━━ Data block
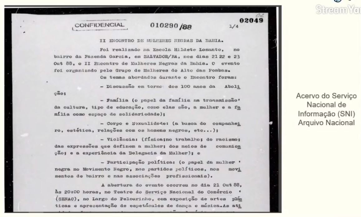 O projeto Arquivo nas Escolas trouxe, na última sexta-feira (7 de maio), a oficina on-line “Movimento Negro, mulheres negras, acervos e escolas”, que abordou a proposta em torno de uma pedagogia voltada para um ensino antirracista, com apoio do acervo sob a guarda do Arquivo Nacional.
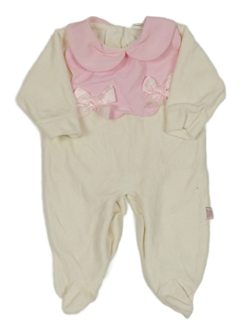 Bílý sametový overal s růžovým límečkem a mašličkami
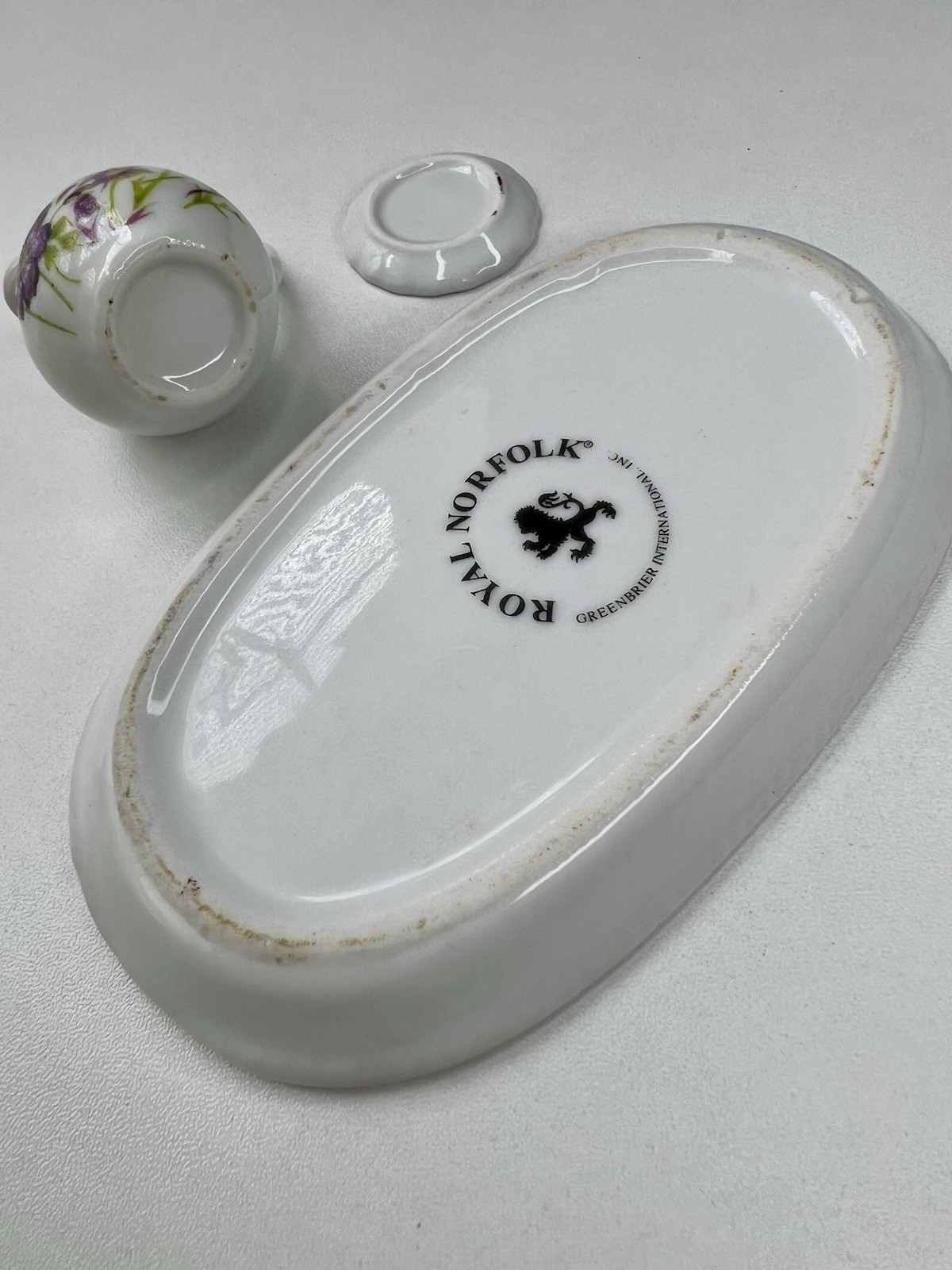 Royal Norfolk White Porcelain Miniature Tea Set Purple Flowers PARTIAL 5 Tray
━━━━
#### [Your goal]
Retype each line above exactly. Leave the images out.

#### [Exercise answer]
 O projeto Arquivo nas Escolas trouxe, na última sexta-feira (7 de maio), a oficina on-line “Movimento Negro, mulheres negras, acervos e escolas”, que abordou a proposta em torno de uma pedagogia voltada para um ensino antirracista, com apoio do acervo sob a guarda do Arquivo Nacional.
 Bílý sametový overal s růžovým límečkem a mašličkami
 Royal Norfolk White Porcelain Miniature Tea Set Purple Flowers PARTIAL 5 Tray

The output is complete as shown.